The former president assured a crowd at the 2023 Conservative Political Action Conference that “for those who have been deceived and betrayed, I am their retribution.” In January, he told Fox News that he “won’t have time for retribution” if elected, comments that came just hours after he sent out a fundraising email again telling supporters “I “I AM HIS RETURN.”

But as the full weight of his legal troubles have come to light this year — and especially since his verdict — this revenge-fueled language has come to the fore.

“Even Hannity recognized that it was dangerous territory and tried to calm him down,” said Cobb, who, while in the White House, helped coordinate the internal response to Mueller’s Russia investigation. “Trump wanted nothing to do with it,” he added.

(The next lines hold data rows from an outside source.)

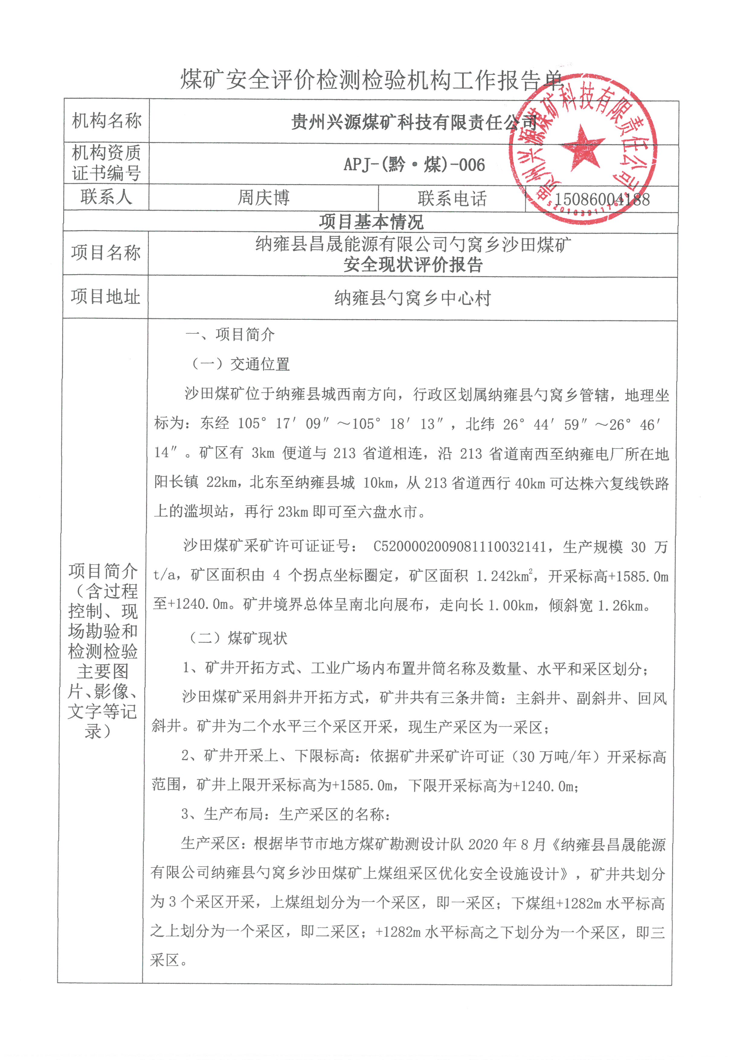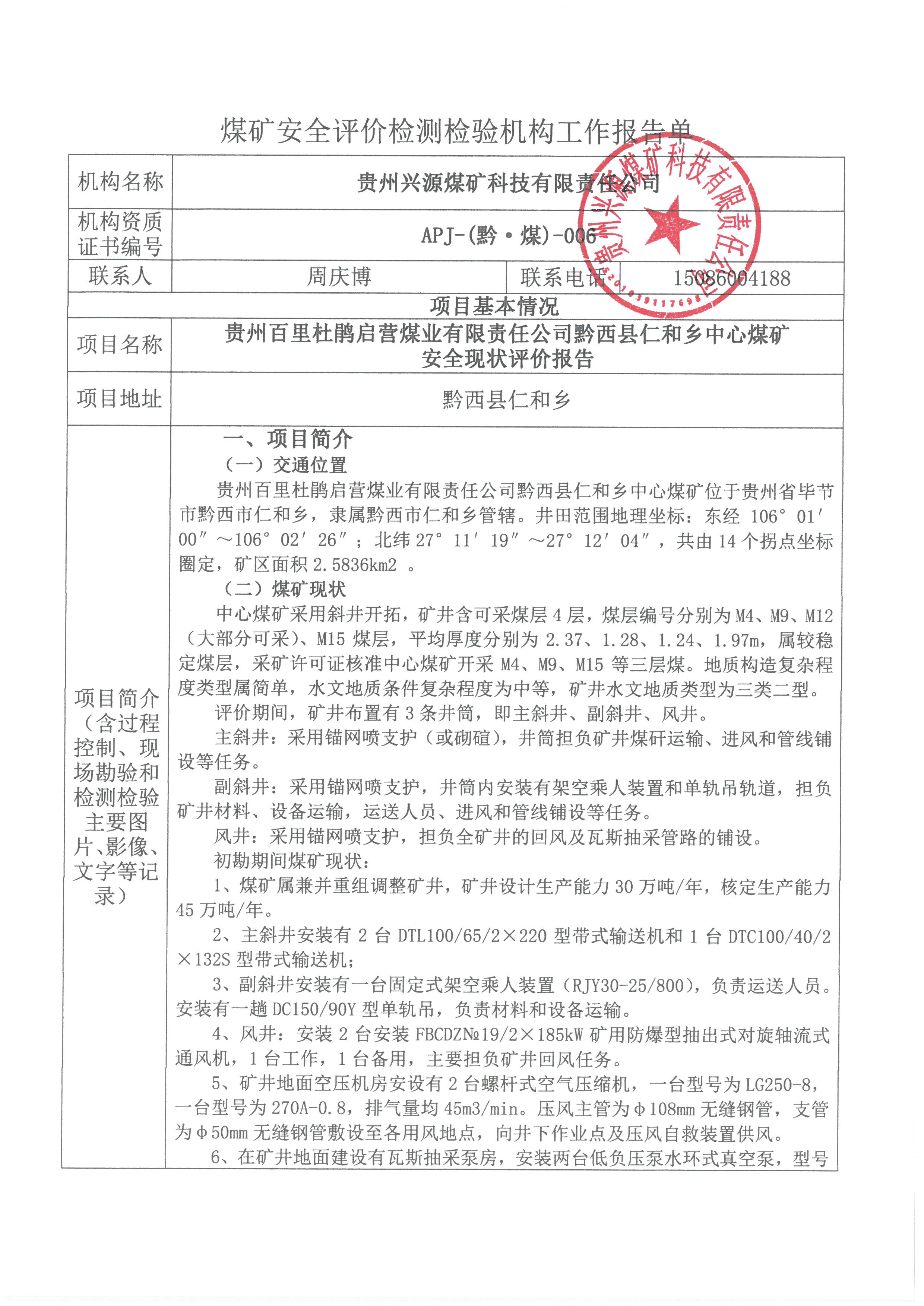 煤礦安全評價檢測檢驗機構工作報告單【貴州水城礦業股份有限公司那羅寨煤礦一二采區安全現狀評價】
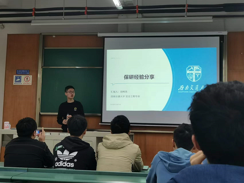 紧接着周柯杰讲解了保研流程,并且介绍了有关的材料。同时建议想要保研的同学可以从专业成绩、英语水平和科研竞赛三个方面进行提升。
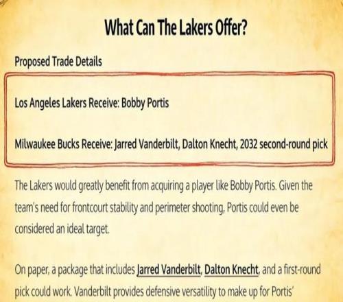 美媒《Fadeaway World》撰文建议,湖人应该打包送出范德比尔特、克内克特以及2032年的首轮签,从雄鹿引入波蒂斯。
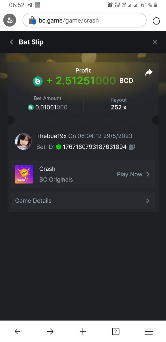 Maksypro Posted May 28, 2023 Share Posted May 28, 2023 Read Carefully Before Start To Hunt Daily Challenges #249 CRASH Hunt : Win the highest pay out Min Payout requirement 80x Min Level 4 ๏ธDuration Starting : Now End time : 23.59 UTC Time How to Join? Make screenshot + paste your bet link + UID or Profile link Any coin, with min bet 0.01 USD is allowed (jb/bb/bcl not allowed) Reward Prizes 1st Place.....$7 BCD 2nd Place.....$5 BCD 3rd Place.....$4 BCD 4th Place.....$3 BCD 5th Place.....$2 BCD ๐ต Winners will be announcing next day after Roll Point! 2 Link to comment Share on other sites More sharing options...
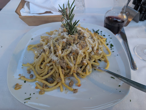Read moreLocale storico, in cui sono tornata dopo parecchi anni e ho apprezzato tantissimo la nuova gestione. Cucina ottima, sia nei primi che nei secondi, porzioni generose e personale educato, gentile e attenti. Non da tutti , e molto apprezzata la focaccia di "benvenuto" offerta all'arrivo, con pasta di pizza rucola e pomodorini tagliati a cubetti. Menù molto vario che accontenta tutti i gusti, anche dei giovani che prediligono hamburger o hot dog, decisamente di qualità e con patatine tagliate a mano. Ottimi i primi, anche i più semplici Spaghetti Monterosso, con aglio olio e pomodorini, al dente e gustosi. Ottima anche la carne alla griglia così come le pizze. I piatti sono serviti anche in maniera curata e decorata con erbette. Prezzi assolutamente contenuti e rapporto qualità prezzo ottimo. A pranzo ci sono anche due o tre proposte di menù a prezzo fisso, altrettanto molto apprezzate. Giardino esterno con tavoli ampio e...
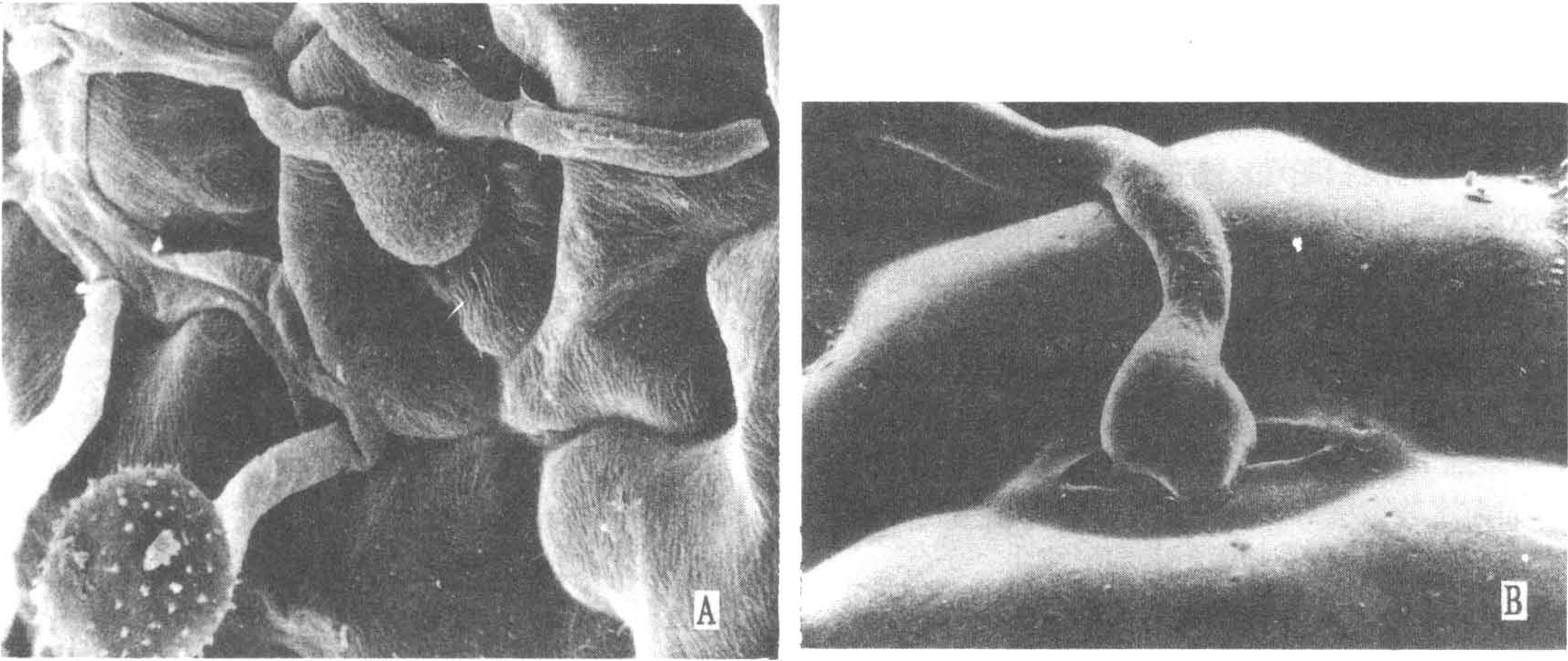 图1 菜豆锈病菌的芽管在寄主表面(A)及其人工模拟膜上(B)沿细胞的脊突结构朝向气孔生长,在气孔瓣上形成附着胞(仿R.N.Goodman)

[Estos son los factores que pueden determinar la condena de Trump en julio]

Cobb said he believes the nation’s institutions would resist if Trump tried to seek politically motivated revenge, but it was nonetheless a dangerous situation.

“I think checks and balances are appropriate to resist these instincts because he has to get people to do them,” he added.

For Trump’s political base, the renewed interest in getting revenge on his political opponents has support. “I agree with him,” said Adam Radogna, a Trump supporter in Cleveland. “Obviously nothing, you know, against the law. But he’s just saying, ‘Hey, we’re going to go after you because you’re going to go after me,’” he added.

Parker Shonts, a Trump supporter in Fowlerville, Michigan, said it’s about “responsibility.” “I would say revenge is a campaign buzzword, but accountability would seem more appropriate,” he added.

Calls for revenge from Trump supporters intensified again Thursday when a federal judge ordered former Trump adviser Steve Bannon to report to prison on July 1 to begin a four-month sentence for defying the committee’s Jan. 6 subpoenas. . The news angered Trump supporters and led Bannon to issue direct threats.

“Don’t pray for me. Pray for my enemies,” Bannon said Thursday.

In response to the arrest warrant against Bannon, Trump posted on Truth Social that members of the House committee that investigated the January 6 assault on the Capitol should be brought to justice.